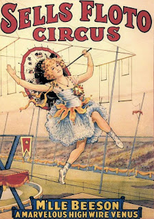 Ringling Bros, Barnum & Baily Circus (RBBBC) lost their star high wire dancer, Bird Millman in 1923. She was replaced by Berta Beeson who canceled his contract with Sells-Floto. Like Bird she wore a calf-length dress with flounce and fluff, but was now being described as “the Julian Eltinge of the Wire” which implied that her her gender was an open secret.
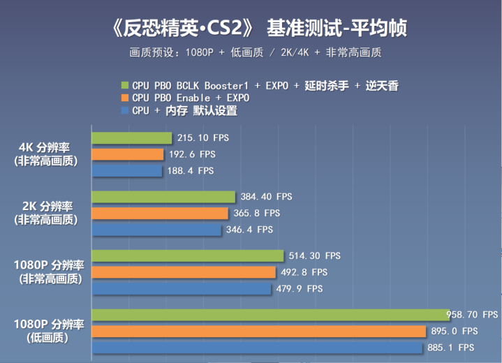 《CS2》基准测试,在CPU和内存不同景况下,分手在4K分辨率+极度高画质、1080P+极度高画质以及1080P+低画质下进行测试,游戏帧数进展如下:
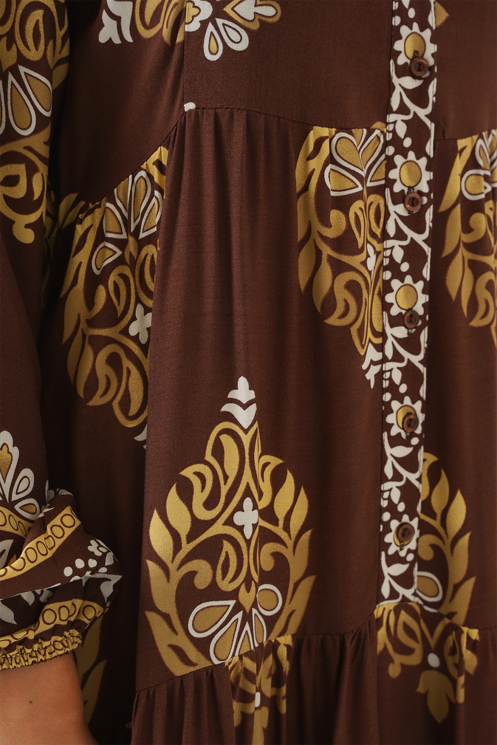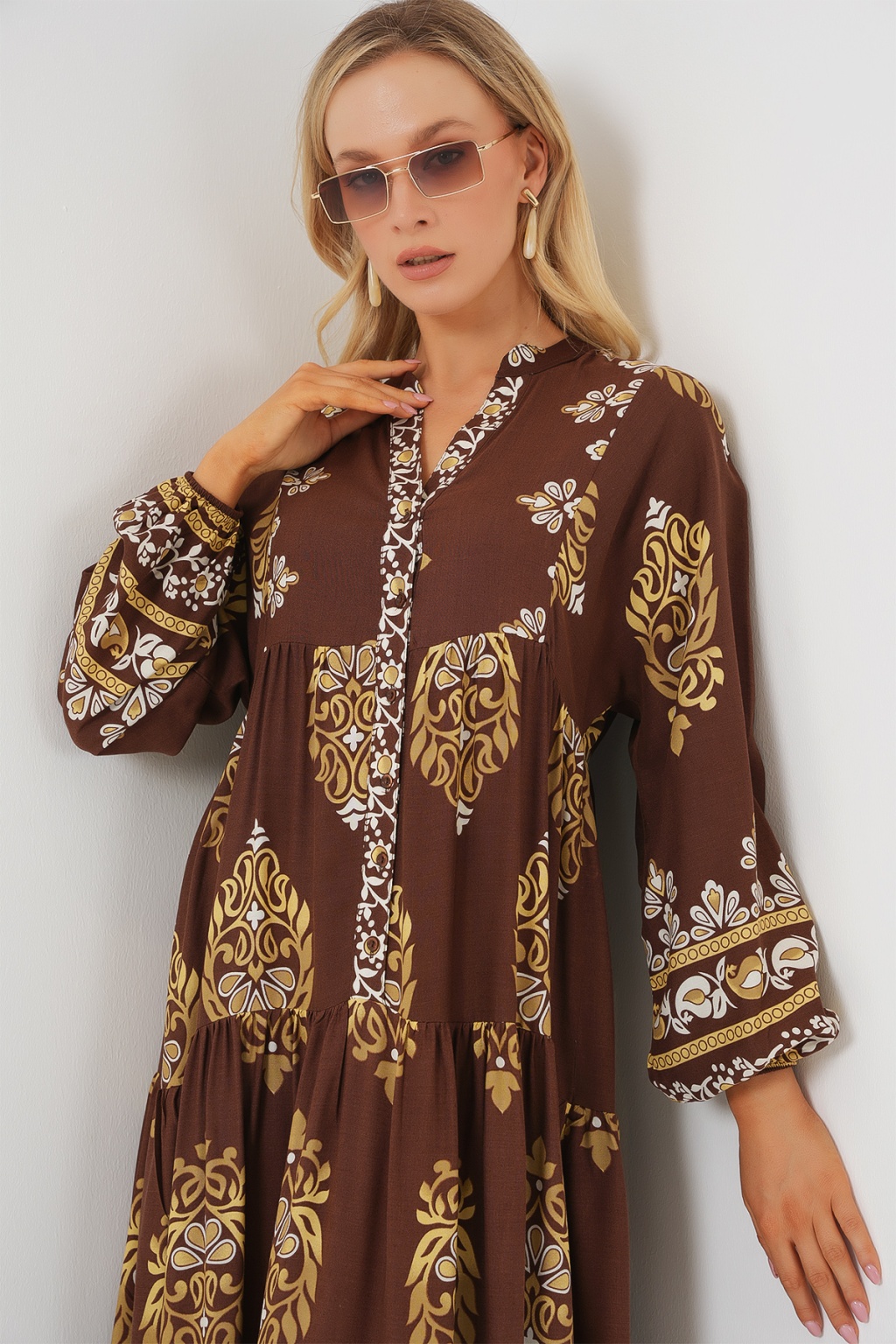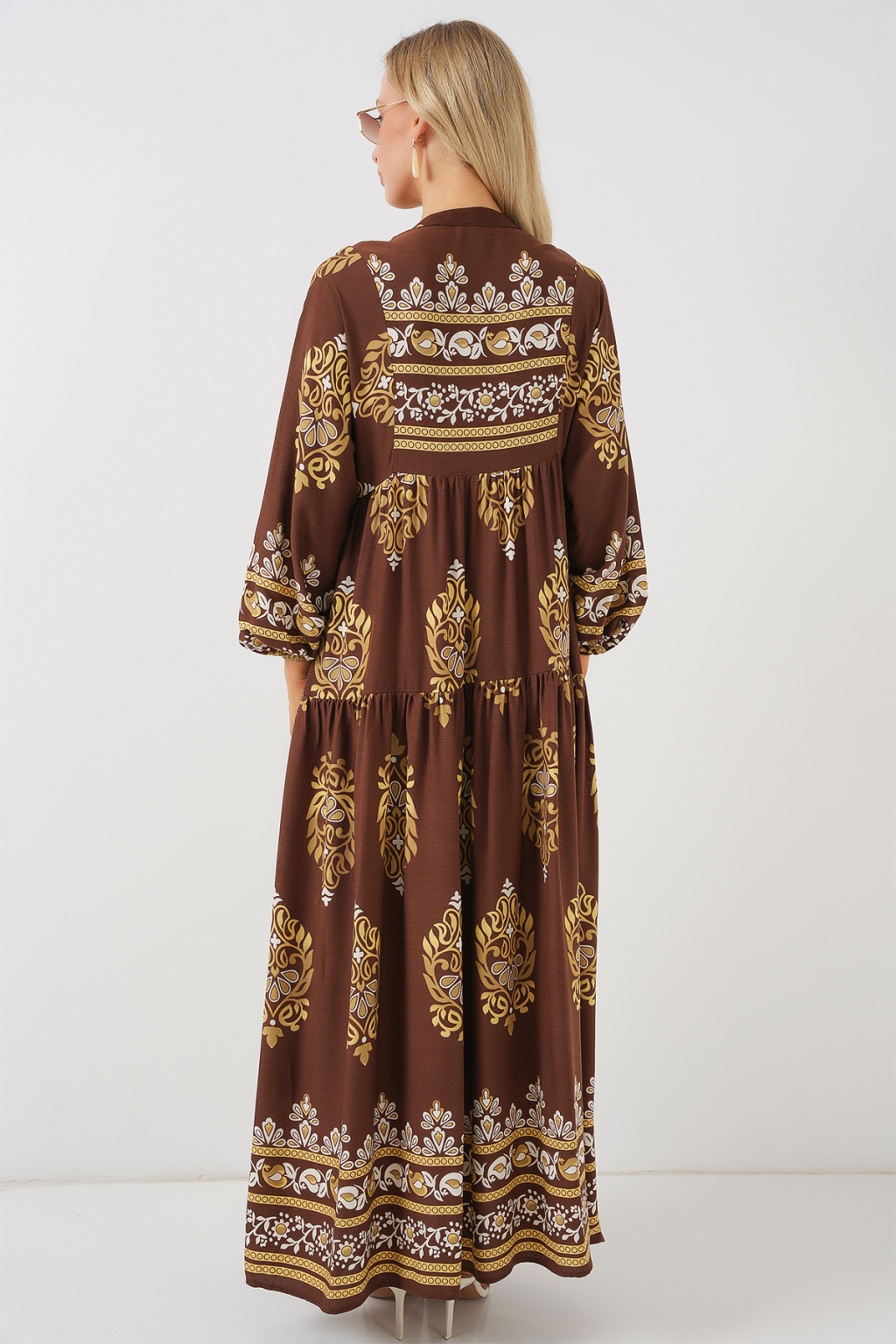 2423 Otantik Desenli Tesettür Elbise - Beyaz - Kahve
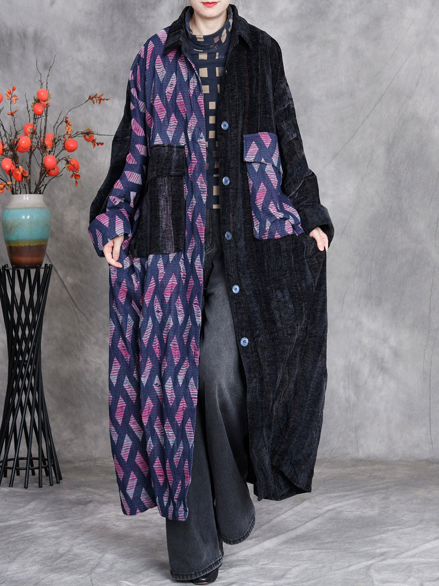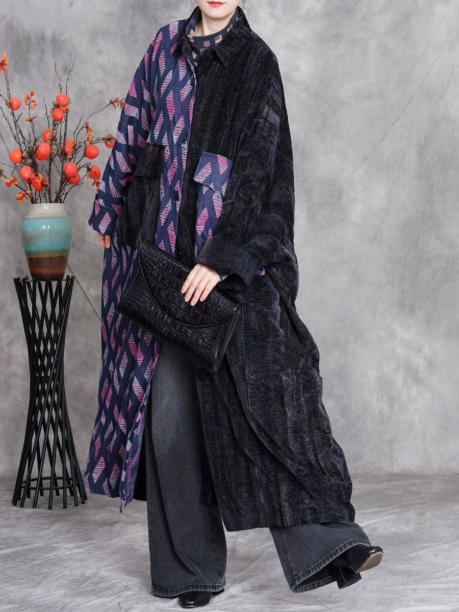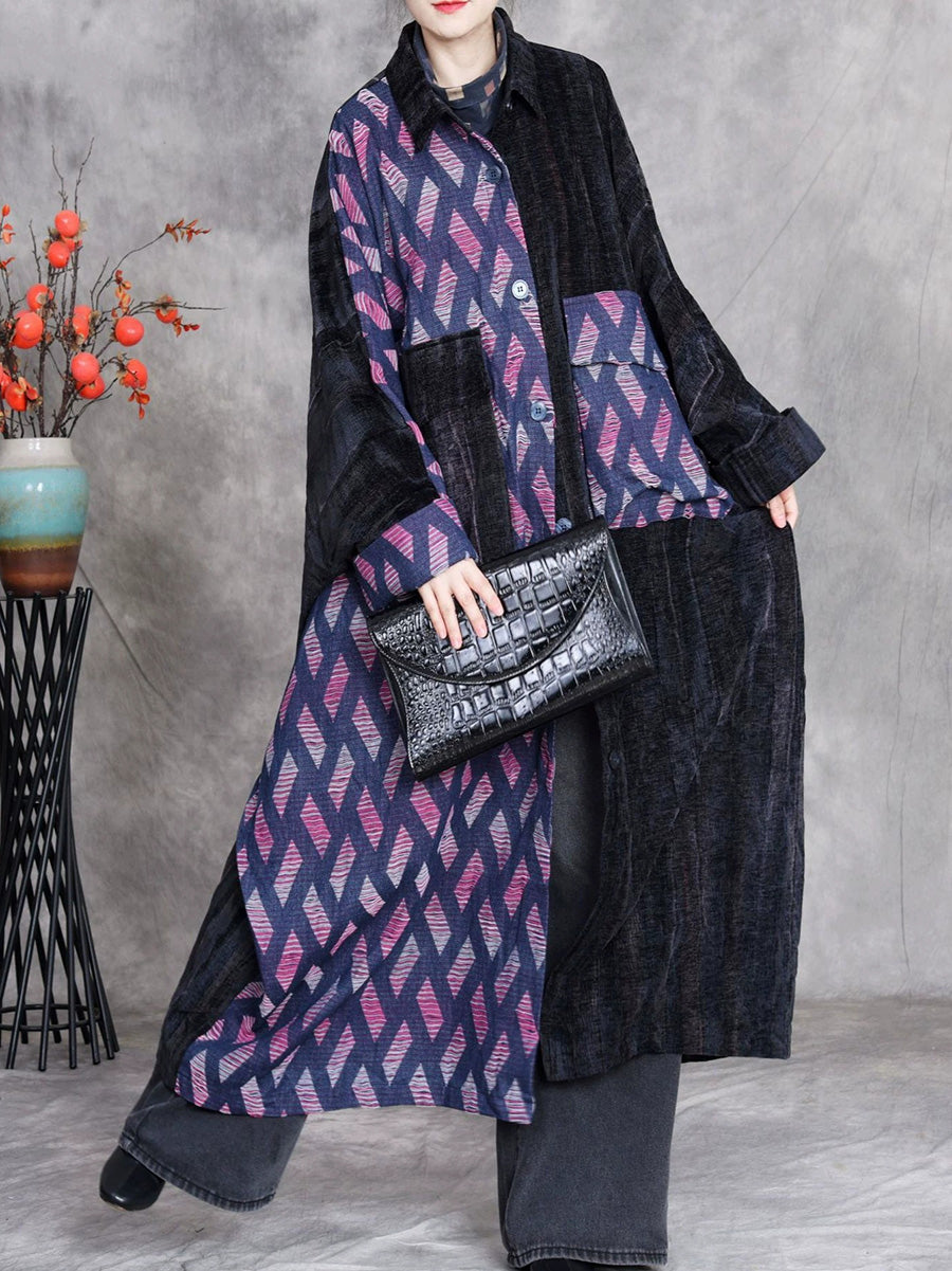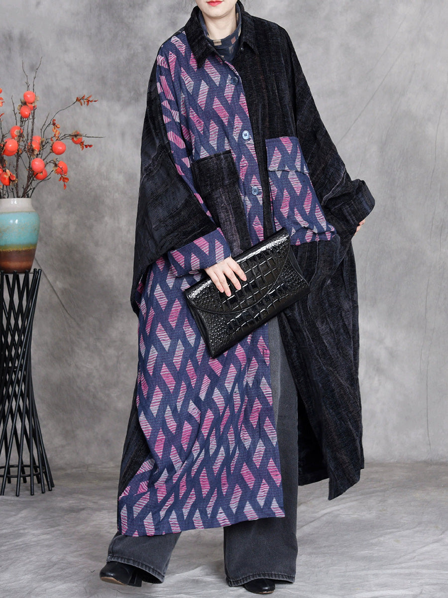 This sophisticated winter overcoat combines timeless design elements with contemporary styling. The distinctive plaid pattern pairs seamlessly with a classic turn-down collar, while the full-length batwing sleeves deliver both comfort and a retro-inspired silhouette. Expertly crafted for the cooler months, this denim piece transitions effortlessly from autumn through winter, offering versatile layering potential for any wardrobe.

◆ INSTRUCTIONS FOR THE TASK ◆
Nothing but the pictures is to be left out; the rest of the listing should be copied exactly.

◆ RESULT FOR THIS EXERCISE ◆
 Ringling Bros, Barnum & Baily Circus (RBBBC) lost their star high wire dancer, Bird Millman in 1923. She was replaced by Berta Beeson who canceled his contract with Sells-Floto. Like Bird she wore a calf-length dress with flounce and fluff, but was now being described as “the Julian Eltinge of the Wire” which implied that her her gender was an open secret.
 《CS2》基准测试,在CPU和内存不同景况下,分手在4K分辨率+极度高画质、1080P+极度高画质以及1080P+低画质下进行测试,游戏帧数进展如下:
 2423 Otantik Desenli Tesettür Elbise - Beyaz - Kahve
 This sophisticated winter overcoat combines timeless design elements with contemporary styling. The distinctive plaid pattern pairs seamlessly with a classic turn-down collar, while the full-length batwing sleeves deliver both comfort and a retro-inspired silhouette. Expertly crafted for the cooler months, this denim piece transitions effortlessly from autumn through winter, offering versatile layering potential for any wardrobe.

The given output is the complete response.